Saved entries:
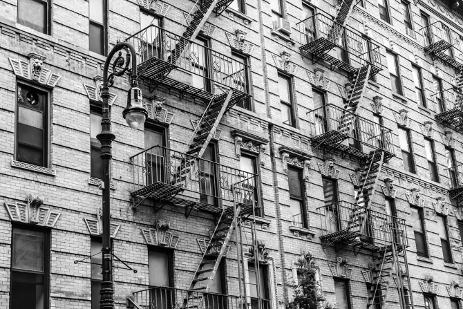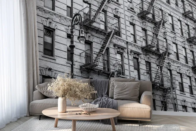 Fototapeta: Kamienica ze schodami w stylu vintage
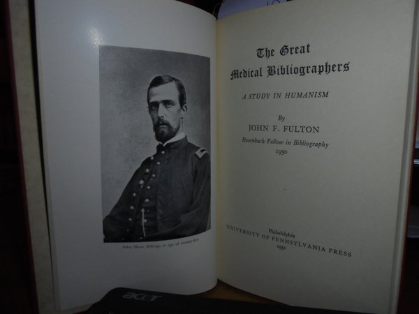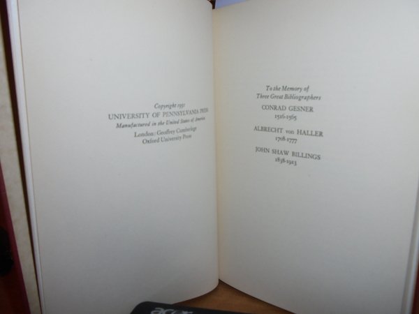 by JOHN, F. FULTON Rosenbach Fellow i Bibliography 1950. Philadelphia, University of Pennsylvania Press, 1951. The great medical bibliographers a Study in Humanism. In-8° piccolo, tela edit. rossa con titolo al dorso. xv, 107 pp. con 37 figure in tavole fuori testo. In ottimo stato di conservazione. Uff. C - IV - 4 - 2
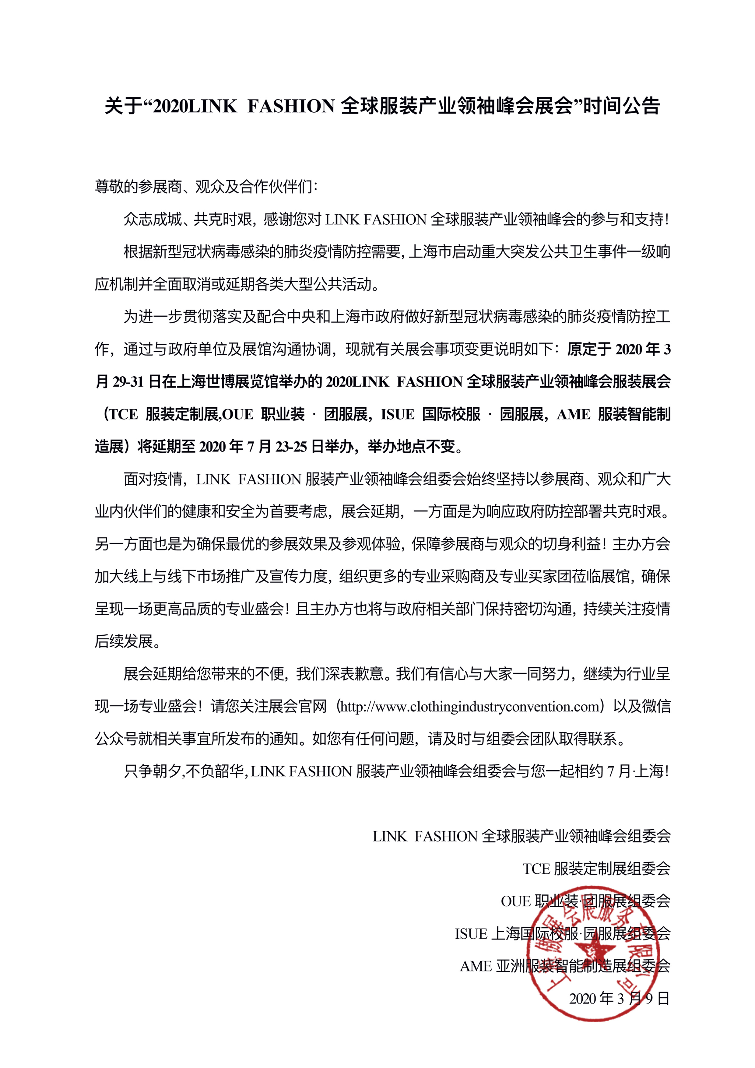 為進(jìn)一步貫徹落實(shí)及配合中央和上海市政府做好新型冠狀病毒感染的肺炎疫情防控工作,通過(guò)與政府單位及展館溝通協(xié)調(diào),現(xiàn)就有關(guān)展會(huì)事項(xiàng)變更說(shuō)明如下:原定于2020年3月29-31日在上海世博展覽館舉辦的2020LINK FASHION全球服裝產(chǎn)業(yè)領(lǐng)袖峰會(huì)服裝展會(huì)(TCE服裝定制展、OUE職業(yè)裝·團(tuán)服展、ISUE國(guó)際校服·園服展、AME服裝智能制造展)延期調(diào)整如下:
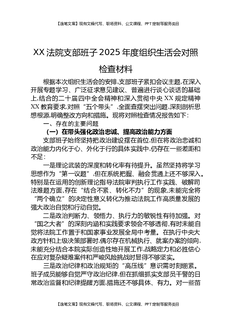 XX法院支部班子2025年度组织生活会对照检查材料.docx
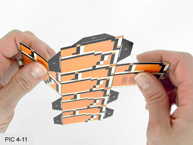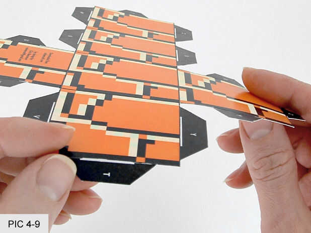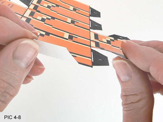 Usted querrá "lanzamiento" de cada una de las partes por lo que encajan fácilmente entre sí durante el montaje. Tome una parte y doblar en la dirección de la puntuación un poco. (FOTO 4-8) Luego dóblelo enfrente de la puntuación un poco. (FOTO 4-9) Para ello todas las partes. (PIC PIC 4-11, 4-10 FOTO 4-12)
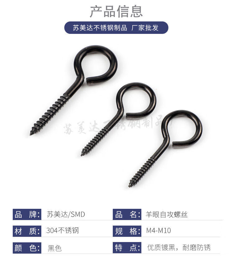 04 Stainless steel sheep eye self-tapping screws, black ring self-tapping screws, wear-resistant ring-shaped thumb screws, M5*6510 pieces
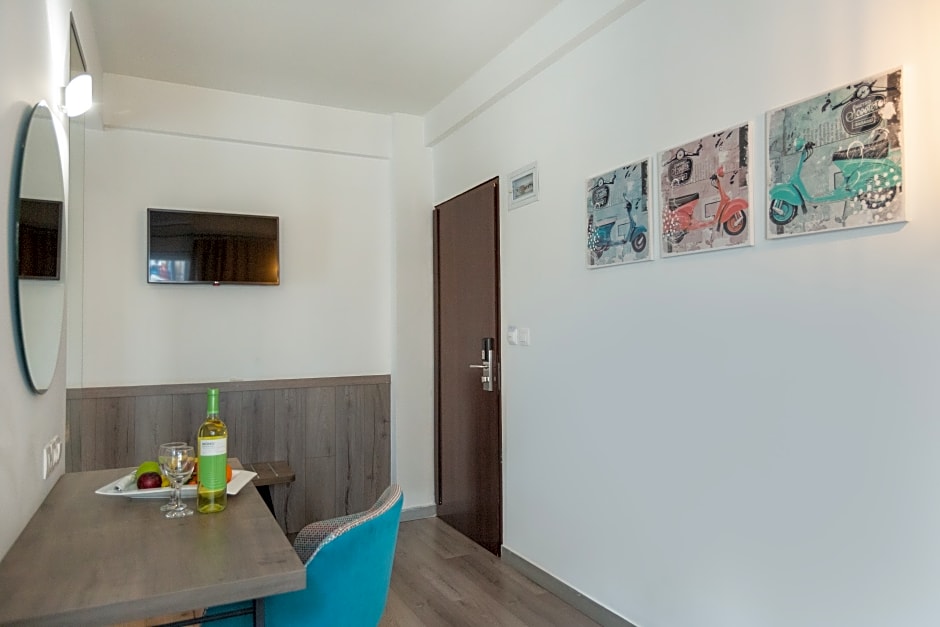 Featuring modern wooden furnishings and light colors, this suite consists of a bedroom with double bed, separate living room and bathroom with bath and shower. It also consists of: -2 TVs -refrigerator -2 working desks. Please note that a room featuring bathtub in the bathroom can be allocated upon request.

Problem description>
A faithful copy of the records above is needed, with the pictures left out.

Result of the exercise>
 Fototapeta: Kamienica ze schodami w stylu vintage
 by JOHN, F. FULTON Rosenbach Fellow i Bibliography 1950. Philadelphia, University of Pennsylvania Press, 1951. The great medical bibliographers a Study in Humanism. In-8° piccolo, tela edit. rossa con titolo al dorso. xv, 107 pp. con 37 figure in tavole fuori testo. In ottimo stato di conservazione. Uff. C - IV - 4 - 2
 為進(jìn)一步貫徹落實(shí)及配合中央和上海市政府做好新型冠狀病毒感染的肺炎疫情防控工作,通過(guò)與政府單位及展館溝通協(xié)調(diào),現(xiàn)就有關(guān)展會(huì)事項(xiàng)變更說(shuō)明如下:原定于2020年3月29-31日在上海世博展覽館舉辦的2020LINK FASHION全球服裝產(chǎn)業(yè)領(lǐng)袖峰會(huì)服裝展會(huì)(TCE服裝定制展、OUE職業(yè)裝·團(tuán)服展、ISUE國(guó)際校服·園服展、AME服裝智能制造展)延期調(diào)整如下:
 XX法院支部班子2025年度组织生活会对照检查材料.docx
 Usted querrá "lanzamiento" de cada una de las partes por lo que encajan fácilmente entre sí durante el montaje. Tome una parte y doblar en la dirección de la puntuación un poco. (FOTO 4-8) Luego dóblelo enfrente de la puntuación un poco. (FOTO 4-9) Para ello todas las partes. (PIC PIC 4-11, 4-10 FOTO 4-12)
 04 Stainless steel sheep eye self-tapping screws, black ring self-tapping screws, wear-resistant ring-shaped thumb screws, M5*6510 pieces
 Featuring modern wooden furnishings and light colors, this suite consists of a bedroom with double bed, separate living room and bathroom with bath and shower. It also consists of: -2 TVs -refrigerator -2 working desks. Please note that a room featuring bathtub in the bathroom can be allocated upon request.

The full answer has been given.